Let me walk you through it. I find its a very good example of why this hobby is so hard. It's obviously 100% my own fault.

I bought a product that claims to:
Color enhancement by supporting the biology!

Enhances cleaning effecs of bacteria and promotes biology in salt
water tanks. A good and important bio bilm is created within short time.
After a few days the corals react with wonderful coloration!
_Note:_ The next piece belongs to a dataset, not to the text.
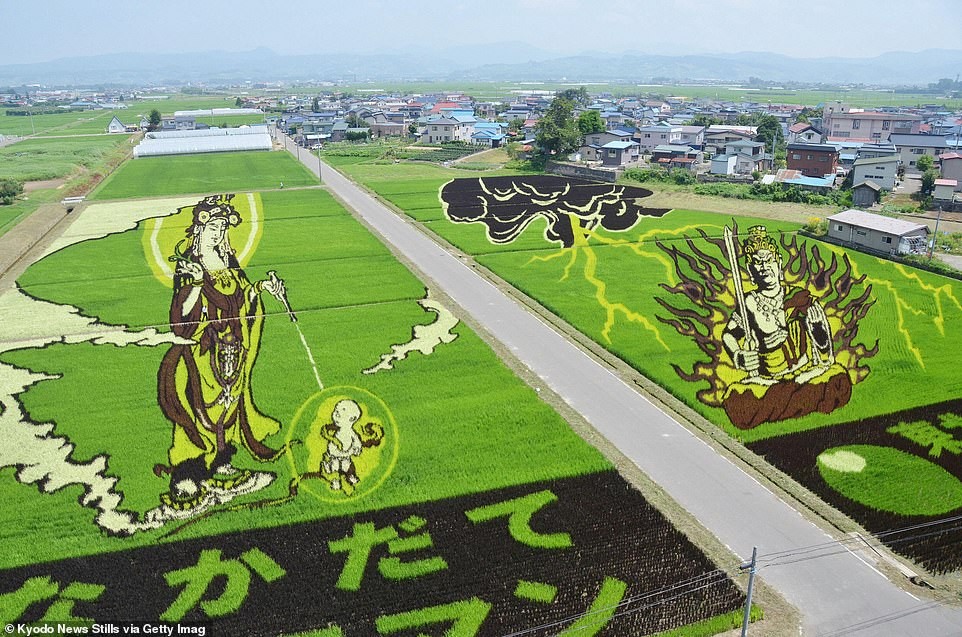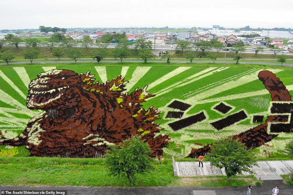 Mỗi năm, các nông dân tại làng Inakadate lại tạo ra một bức tranh với chủ đề mới, không năm nào giống năm nào. Năm nay, hình ảnh quái vật Godzilla được tái hiện một cách tỉ mỉ, hoành tráng, sống động như vừa bước ra từ một bộ phim.d

This is KZ Zeofood. Now there's nothing 'wrong' with this product, but it's a good example of doing something that has an indirect effect that is not immediately obvious and will vary with your setup. And multiple stars have to align for things to go wrong

1) Zeofood is an Amino acid
2) It will eventually turn into Nitrate
3) Prior to this point, my system was Nitrate limited. Meaning low nitrate and a good amount of PO4 (0.08 or so IIRC)
4) Chaeto would grow a bit every night, then stop when Nitrate was too low. Little to no algae (I don't believe in nitrate, but I do believe in available nitrogen through out the day (where chaeto lights are off)
5) Adding Zeofood caused the tables to turn and I became PO4 limited. Now nitrate went up
6) This allowed my Chaeto to grow faster, consuming all PO4 (well down to 0.03, we will get to thatin a sec)
7) My Chaeto then stopped growing again as there was not enough PO4, with Nitrate roughly 2-4 and PO4 0.03
8) But 0.03 should be ok. Lower end for sure, but not STN (at least I haven't had that before)

So why?

Well I use a hobby grade Hanna Ultra Low Phosphate tester. What if it's not accurate. Ok ICP in and PO4 came back at 0.02. In the past, my older testers may also have been inaccurate, but perhaps they measured a bit too low so things were fine as the actual levels would be higher.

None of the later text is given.